- [Stored data]:
>>>>
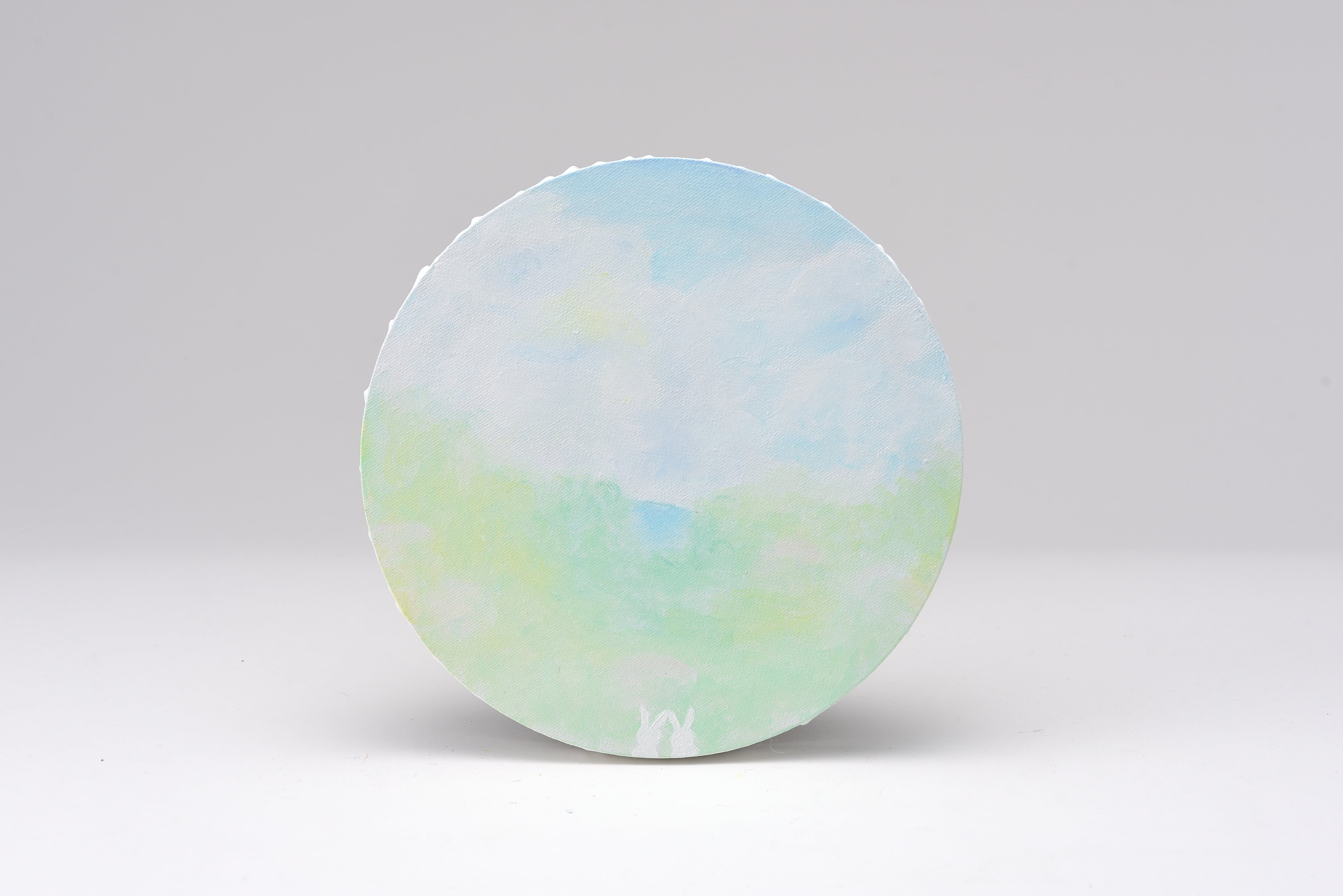 Artist : 天響 櫻 神秘の泉シリーズ『秘境』 夢うつつの淡く幻想的な世界 うさぎの視線の先に、神秘の泉は現れるのか 技法/アクリル画
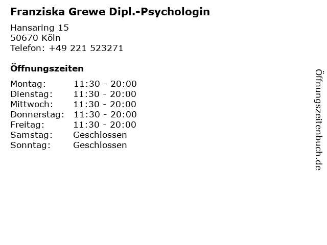 5 Dipl.-Psychologin Andrea Schaal Paartherapie, Sexualtherapie (Entfernung: 0,92 km) Apostelnstr. 28, 50667 Köln 6 Christiane Schmidt Diplom-Psychologin Psychologische Psychotherapeutin (Entfernung: 0,98 km) Gertrudenstraße 7, 50667 Köln |
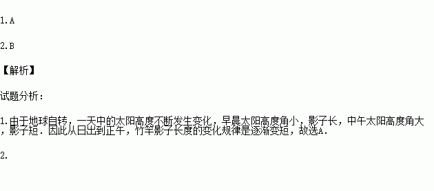 1.从日出到正午,竹竿影子长度的变化规律是
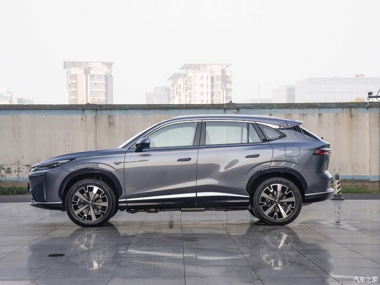 侧面来看,轮圈尺寸为19英寸,并且提供选配20英寸轮圈。隐藏式门把手似乎已经成为了新能源车型的标配,在D5X上我们也能看到这种设计。侧面的线条也很能体现出荣威D5X的优雅设计美学。
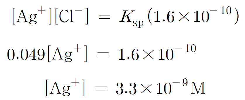 그렇다면, 용액 내 Cl- 농도가 정확하게 0.049 M일 때, 혼합 용액 내 Ag+은 얼마나 남아있을까? 용액 내 남아있는 Ag+, Cl- 이온 농도 곱 = [Ag+][Cl-] = Ksp 값을 만족해야 하기 때문에, [Ag+] 값이 절대로 0이 되지는 않겠지만, 두 이온을 대부분 분리했다고 말할 정도는 될까?
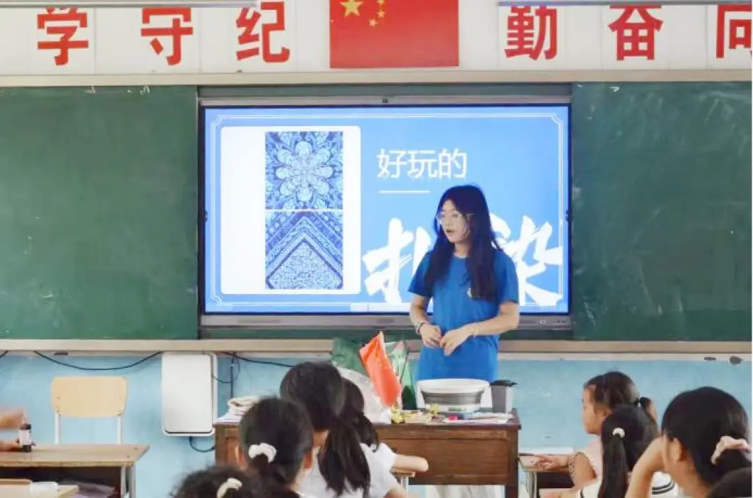 近日,长沙理工大学物理与电子科学学院“小小科学家·科普创造营”社会实践团来到怀化市芷江侗族自治县五郎溪乡五郎溪村五郎溪小学。在教室里,志愿者们为小朋友带来了一堂别开生面的扎染科普手工课。
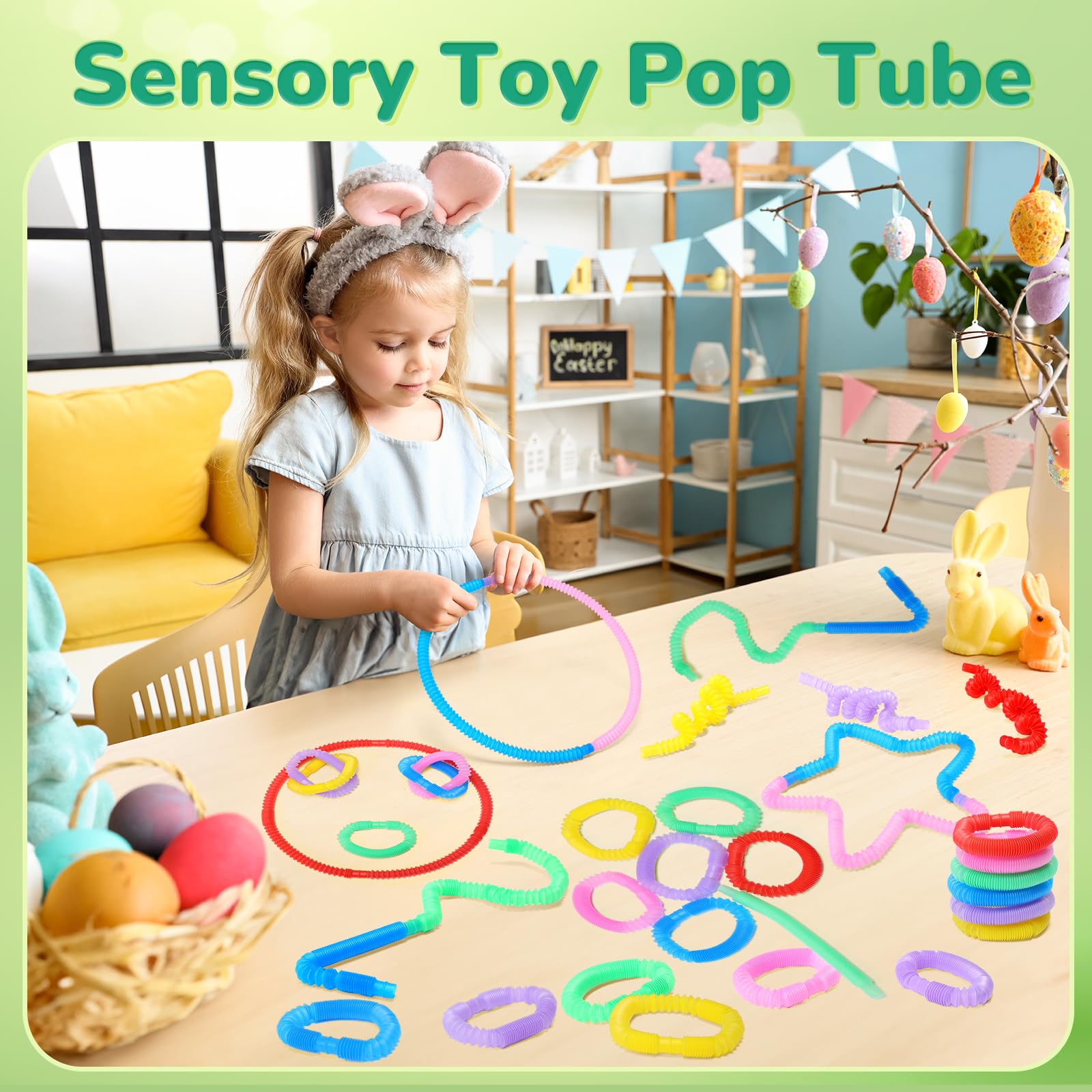 WHAT'S INCLUDED This Filled easter egg set includes 12 easter eggs,24 colorful pop tubes, a popular sensory and creativity-boosting toy for toddler kids age 3 4 5 6 7 8. These engaging toys are perfect for stimulating kids
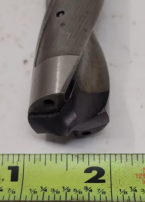 THIS IS A KENNAMETAL KSEM255R3WN32M INDEXABLE INSERT DRILL. IT FEATURES AN OVERALL LENGTH (OAL) OF 6.85 INCHES (174MM) AND A DRILL END DIAMETER OF 1.00 INCH (25.5MM). THE TOOL IS DESIGNED WITH 2 SPIRAL FLUTES, WHICH ARE 4.29 INCHES (109MM) LONG, AND OPERATES WITH A RIGHT-HANDED ORIENTATION. IT INCORPORATES A STRAIGHT SHANK WITH A 1.25-INCH DIAMETER AND A LENGTH OF 2.36 INCHES (60MM). THIS ITEM IS AN INDEXABLE INSERT DRILL.
<<<<
- [Required work]: Every line from the one containing "그렇다면, 용액 내 Cl- 농도가" through the last line of the data is to be retyped exactly, with nothing added and no pictures included.

- [Output below]:
 그렇다면, 용액 내 Cl- 농도가 정확하게 0.049 M일 때, 혼합 용액 내 Ag+은 얼마나 남아있을까? 용액 내 남아있는 Ag+, Cl- 이온 농도 곱 = [Ag+][Cl-] = Ksp 값을 만족해야 하기 때문에, [Ag+] 값이 절대로 0이 되지는 않겠지만, 두 이온을 대부분 분리했다고 말할 정도는 될까?
 近日,长沙理工大学物理与电子科学学院“小小科学家·科普创造营”社会实践团来到怀化市芷江侗族自治县五郎溪乡五郎溪村五郎溪小学。在教室里,志愿者们为小朋友带来了一堂别开生面的扎染科普手工课。
 WHAT'S INCLUDED This Filled easter egg set includes 12 easter eggs,24 colorful pop tubes, a popular sensory and creativity-boosting toy for toddler kids age 3 4 5 6 7 8. These engaging toys are perfect for stimulating kids
 THIS IS A KENNAMETAL KSEM255R3WN32M INDEXABLE INSERT DRILL. IT FEATURES AN OVERALL LENGTH (OAL) OF 6.85 INCHES (174MM) AND A DRILL END DIAMETER OF 1.00 INCH (25.5MM). THE TOOL IS DESIGNED WITH 2 SPIRAL FLUTES, WHICH ARE 4.29 INCHES (109MM) LONG, AND OPERATES WITH A RIGHT-HANDED ORIENTATION. IT INCORPORATES A STRAIGHT SHANK WITH A 1.25-INCH DIAMETER AND A LENGTH OF 2.36 INCHES (60MM). THIS ITEM IS AN INDEXABLE INSERT DRILL.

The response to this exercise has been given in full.